According to Foreign Minister Sarbayev, employees of the transit center will have the status of “management and technical personnel” of a diplomatic mission. Americans agreed to use local firms where possible to provide the transit center with services. And Kyrgyz authorities will have more say on its operation and will be involved in “providing security of the airport’s perimeter and staffing of checkpoints.” This indicates that the US military may outsource maintaining the base to a private security firm rather than keeping its own people there.

It is not clear what the functions of the airbase will be and to what scale the transit center will operate at.

Opposition lashes at “Government’s adventurism”

The decision to host the transit center was criticized both in Kyrgyzstan and abroad. Leader of the Kyrgyz opposition social-democratic party Bakyt Beshimov blamed the government for being inconsistent and changing its own decisions.

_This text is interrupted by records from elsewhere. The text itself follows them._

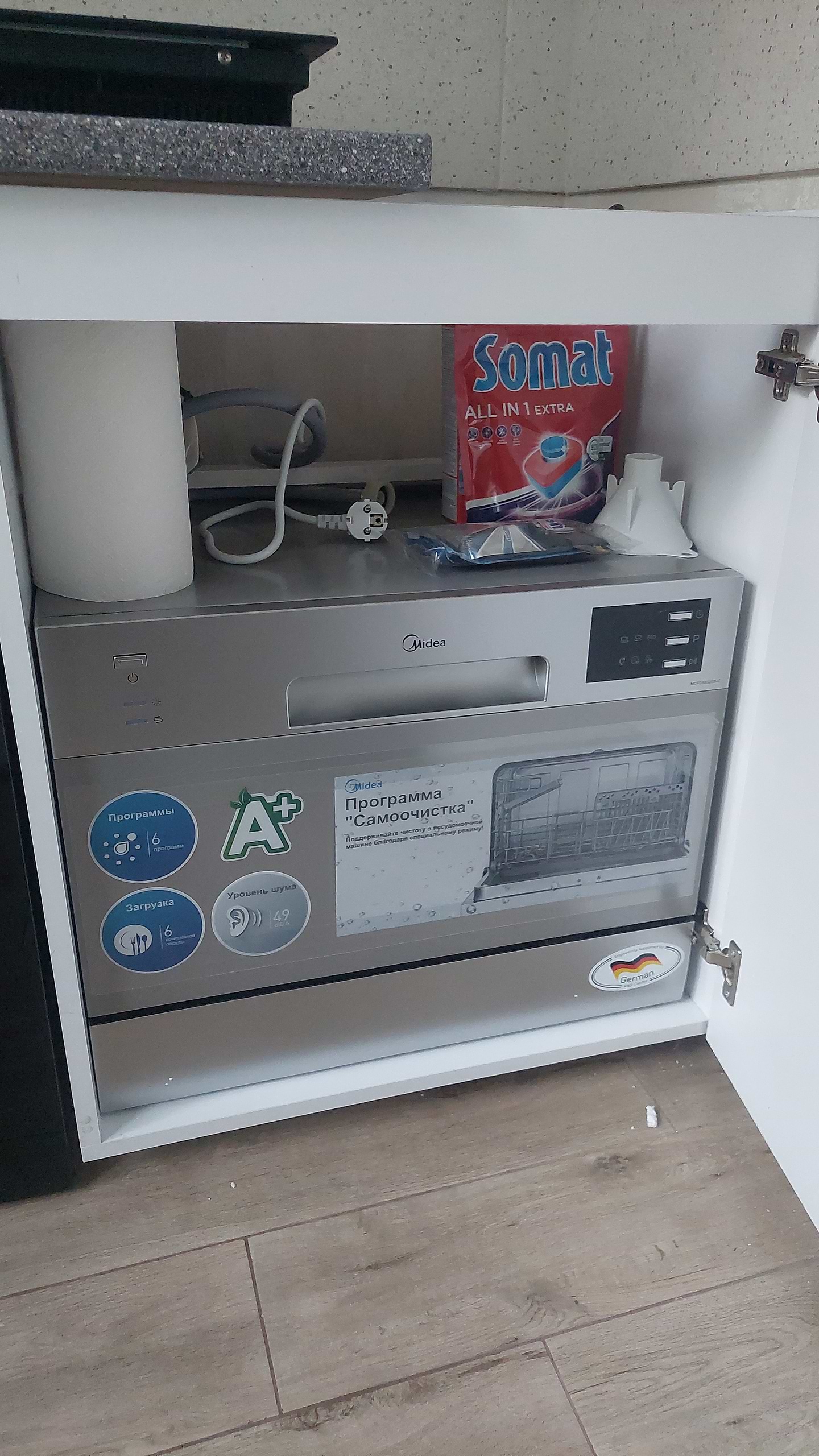 Були сумніви стосовно вибору саме цього бренду, бо все-таки Міdea чисто китайський бренд. До цього була аналогічна посудомийка ВЕКО. Але ціна, відгуки та сірий колір перемогли. Система управління максимально проста. Для сім'ї з двох людей вона ідеальна, миємо посуд 1 раз на добу. Поки все подобається, сподіваюся, що прослужить довго.
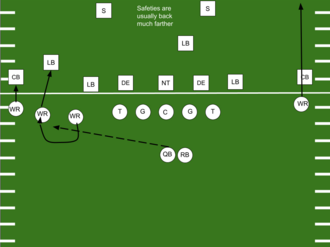 This is an example of a bubble screen pass against a basic 3-4 defense. The two outside wide receivers on the left will block for the slot receiver running the bubble screen.
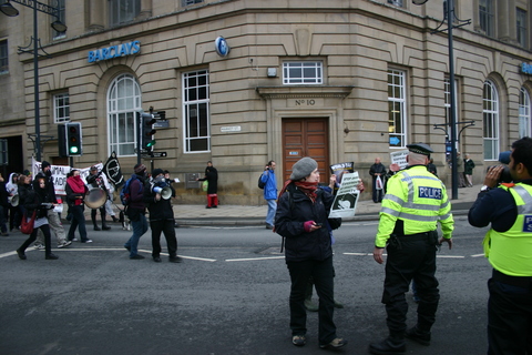 The group congregated in centenary square at 12pm with a rally and then began a march around the city centre at 1pm which moved through the centre to the Broadway development, soon to be Bradfords 'Arts Hole' [5], where two protestors obscured the FIT [Forward Intelligence Team] [6] cameras with posters . Moving up to the Oastler market the protest then went down past TJ Hughes, near here one protestor reported on twitter that they were pushed by police officer number 8333, and then the media museum to make way up Great Horton Road to the main University campus.
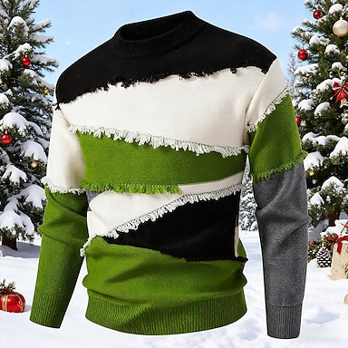 Herren Pullover Strickpullover Gerippt Stricken Normale Oberteile Gestrickt Patchwork Rundhalsausschnitt Mode Basic Urlaub Alltagskleidung Bekleidung Winter Rote Grün S M L

“We’ll return to the situation in the past when the US Air Force base was located in Manas; and others will only get a verbal agreement and a higher payment for the military presence. Since all the players of the large Central Asian region participate to some extent in the coalition forces operation in Afghanistan, Bishkek’s actions of pushing the US airbase out of Manas would look like an attempt of Kyrgyzstan to oppose this operation. We should also take into consideration that Kyrgyzstan is a large debtor to the International Monetary Fund and the American financial institutions, which is has seriously strengthened the position of the US under the conditions of the global financial crisis.”
Colonel-General Leonid Ivashov,
President of the Geopolitical Affairs Academy
(Interfax)

“The decision on transit of non-military cargo through Manas is yet another adventure of the Kyrgyz government, which demonstrates lack of tactics and constantly changes its decisions,” Interfax news agency cites him as saying.

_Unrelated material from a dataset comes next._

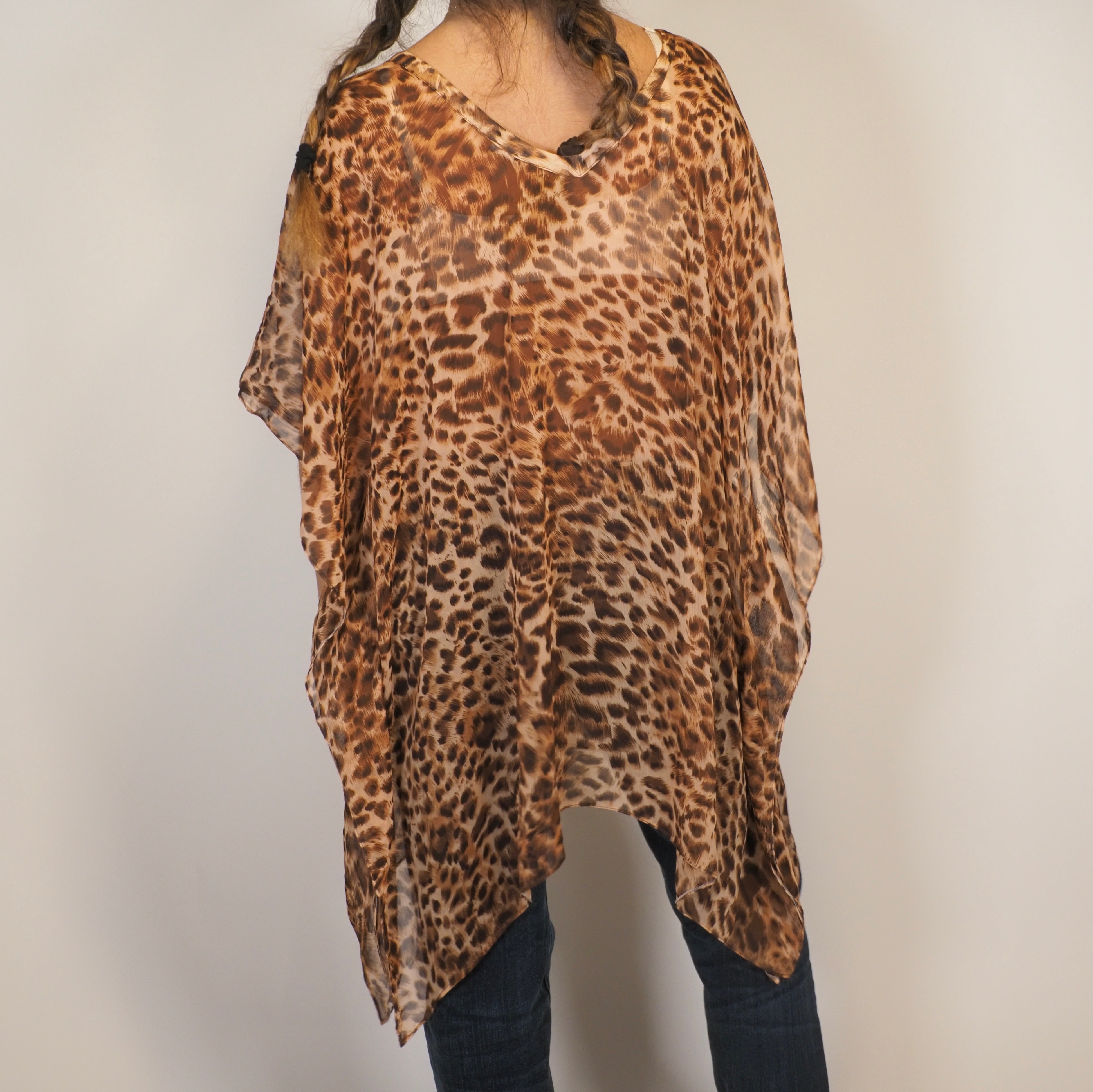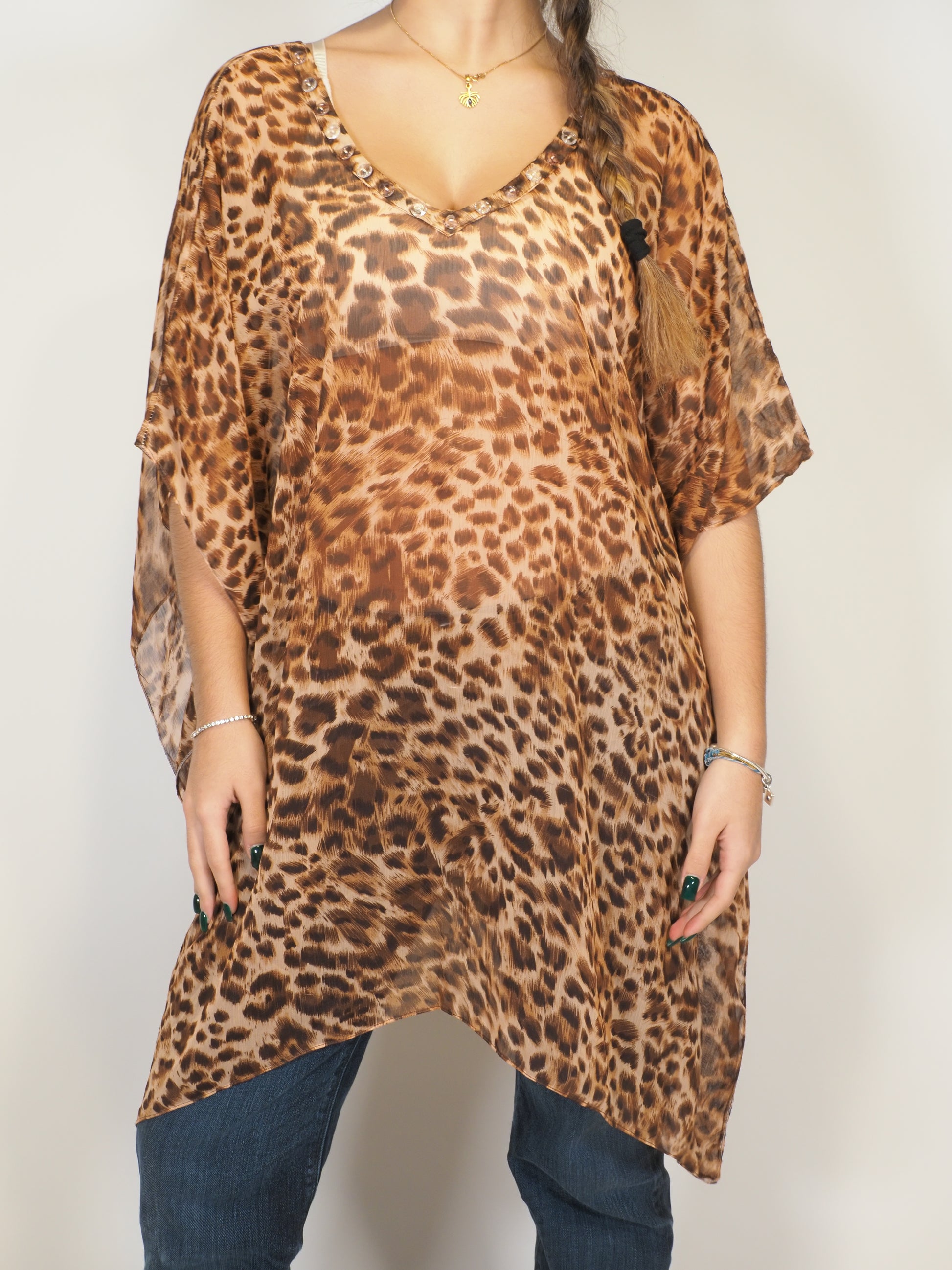 Leopard Print Sheer Kaftan Top with Crystal-Trim V-Neck

Some Russian officials frustrated by the change of policy criticized the move too.

“Kyrgyzstan is similar to other countries of the post-Soviet space. They have a multiple-vector policy, in other words: they take wherever they are given. By its decision Kyrgyzstan has discredited itself as an ally of Russia, as Bishkek had already signed the treaty on the CSTO Rapid Response Forces,” Semen Bagdasarov, from the Russian parliamentary committee on international affairs told ITAR-TASS.

The Russian Foreign Ministry was more cautious when commenting on the news.

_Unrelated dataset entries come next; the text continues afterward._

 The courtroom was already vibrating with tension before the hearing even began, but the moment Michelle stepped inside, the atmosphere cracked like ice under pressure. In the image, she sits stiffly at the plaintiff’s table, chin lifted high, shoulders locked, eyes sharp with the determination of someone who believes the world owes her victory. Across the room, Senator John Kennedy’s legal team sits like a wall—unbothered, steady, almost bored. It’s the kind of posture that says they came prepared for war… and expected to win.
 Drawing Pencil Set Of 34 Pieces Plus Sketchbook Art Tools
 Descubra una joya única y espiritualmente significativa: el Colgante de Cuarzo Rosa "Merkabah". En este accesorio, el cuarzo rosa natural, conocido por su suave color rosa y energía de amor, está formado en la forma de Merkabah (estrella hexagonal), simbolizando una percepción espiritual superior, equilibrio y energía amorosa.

“Making such an agreement is certainly a sovereign right of the Kyrgyz Republic. As for transit of non-military cargo for NATO’s counterterrorist mission in Afghanistan, Russia and Kyrgyzstan’s other neighbours in the region agreed to such transit too,” said ministerial spokesman Andrey Nesterenko.

He added that the military base in Manas was announced to be irrevocably closed and that Russia took it for granted.

The news didn’t come out of thin air. Kyrgyz authorities have been sending contradictory signals about their position over the airbase, saying that “the doors are not closed” for the US to stay in some way in the country. Many experts on Central Asian politics speculated that Bishek was simply angling for more money and was not intending to close the base.

February’s announcement of the base closure came shortly after Russia provided Kyrgyzstan with a lucrative aid package and a loan totaling $450 million. It also agreed to invest $1.7 billion in a hydropower plant, which will produce electricity for Kyrgyz consumers. Many observers suggested that Moscow “bought” Bishkek’s agreement to evict Manas airbase, although both Russian and Kyrgyz officials denied the allegations.